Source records
·····

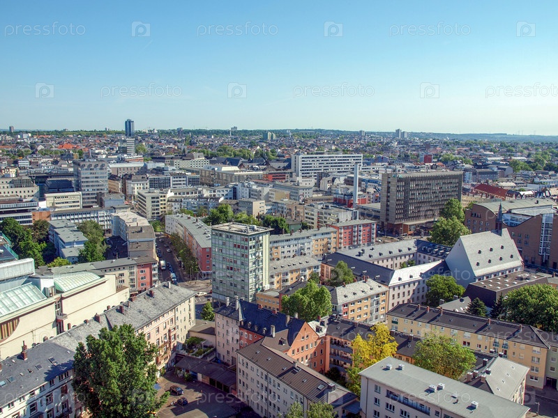 Вид с воздуха на Франкфурт-на-Майне в Германии
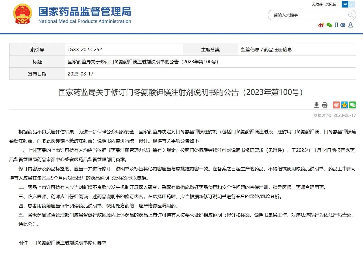 03? 國家藥監(jiān)局關(guān)于修訂門冬氨酸鉀鎂注射劑說明書的公告(2023年第100號)
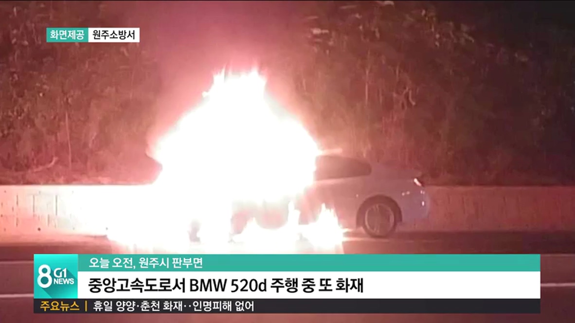 주행 중 화재사고가 잦아 리콜 결정이 내려진 BMW 520d 승용차에서 또 불이 났습니다.
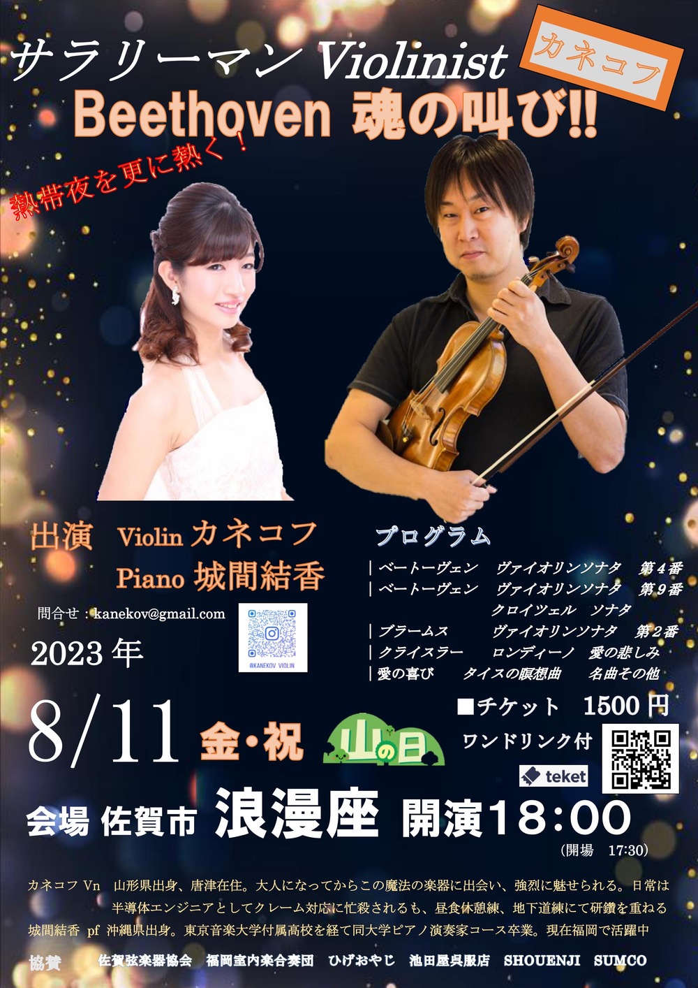大人になってからviolinの魅力に魅せられ、楽器を始めた熱血系サラリーマンバイオリニスト。
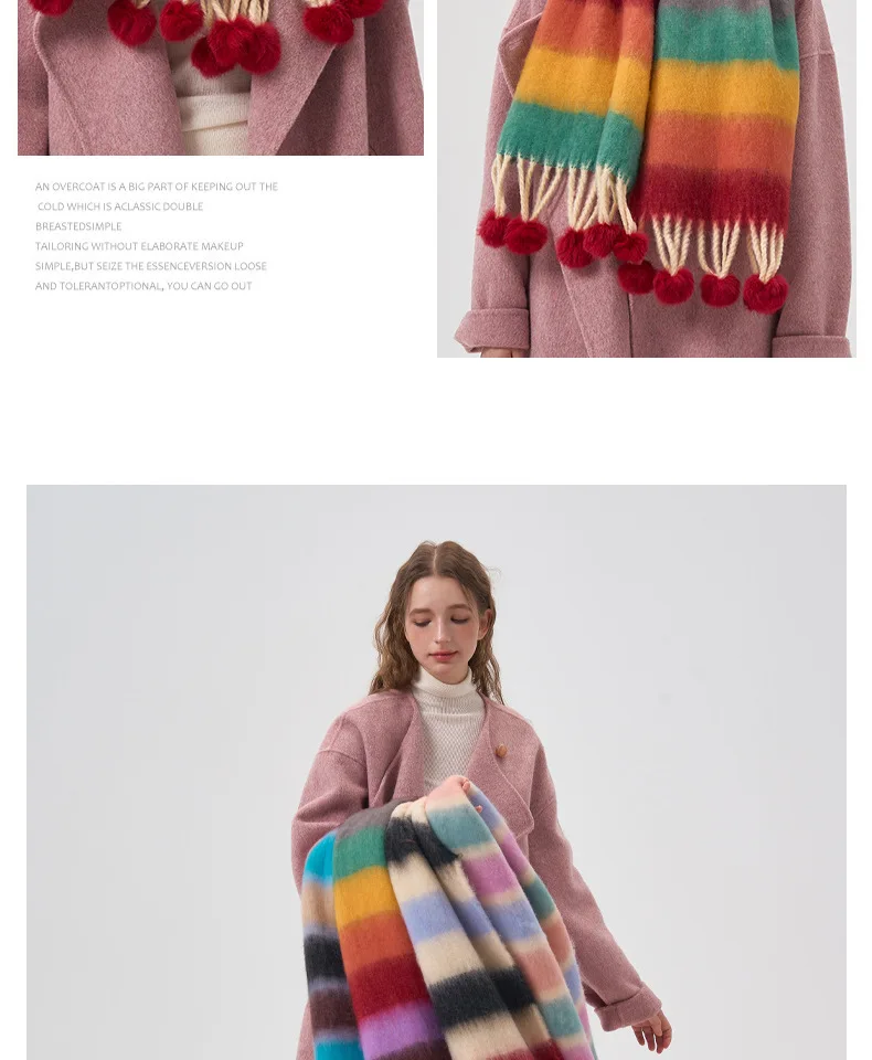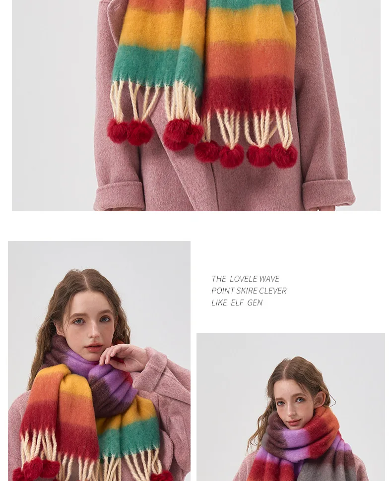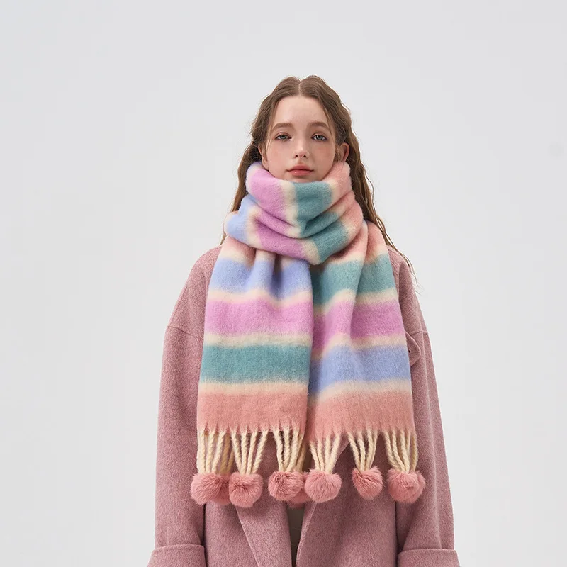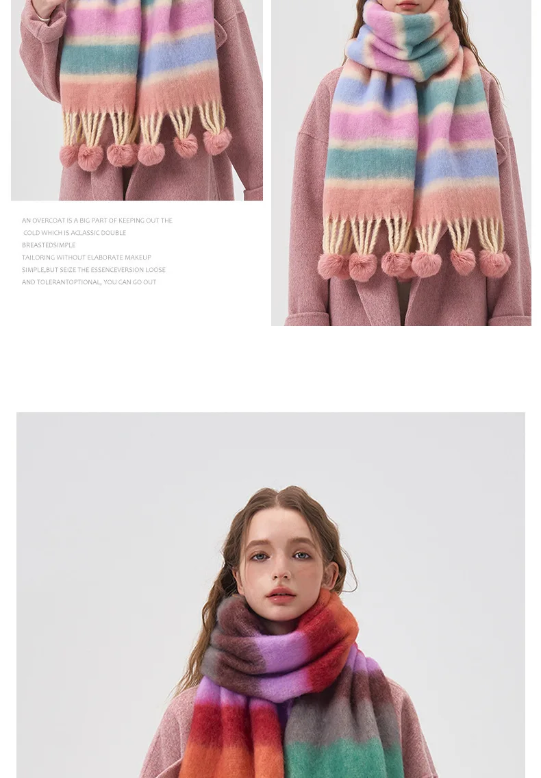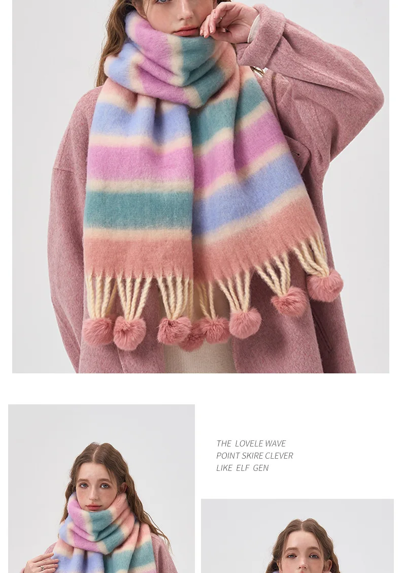 Colorful Striped Winter Scarf for Women Hairball Pashmina Scarves Wraps Female Thick Soft Bufanda Big
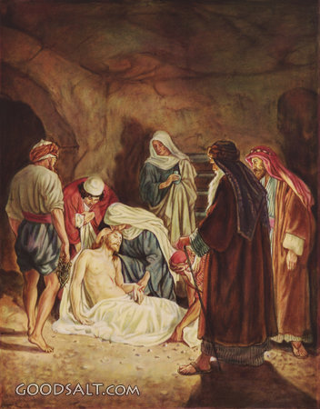Joseph of Arimathea Lays Jesus' Body in His Tomb Matthew 27:57-61 Mark 15:42-47 Luke 23:50-55 John 19:38-42 week, Jesus, arimathea, testament, buried, tomb, joseph, body, new, death, easter, passion, William Brassey Hole, Lays, 00584 PROJECTION - License for PowerPoint™ PRINT – buy a print of this picture; optional frame Bible Hub |

·····

#### [Work request]
Output the data above without changes, apart from leaving out the pictures.

#### [Result for this exercise]
 Вид с воздуха на Франкфурт-на-Майне в Германии
 03? 國家藥監(jiān)局關(guān)于修訂門冬氨酸鉀鎂注射劑說明書的公告(2023年第100號)
 주행 중 화재사고가 잦아 리콜 결정이 내려진 BMW 520d 승용차에서 또 불이 났습니다.
大人になってからviolinの魅力に魅せられ、楽器を始めた熱血系サラリーマンバイオリニスト。
 Colorful Striped Winter Scarf for Women Hairball Pashmina Scarves Wraps Female Thick Soft Bufanda Big
Joseph of Arimathea Lays Jesus' Body in His Tomb Matthew 27:57-61 Mark 15:42-47 Luke 23:50-55 John 19:38-42 week, Jesus, arimathea, testament, buried, tomb, joseph, body, new, death, easter, passion, William Brassey Hole, Lays, 00584 PROJECTION - License for PowerPoint™ PRINT – buy a print of this picture; optional frame Bible Hub |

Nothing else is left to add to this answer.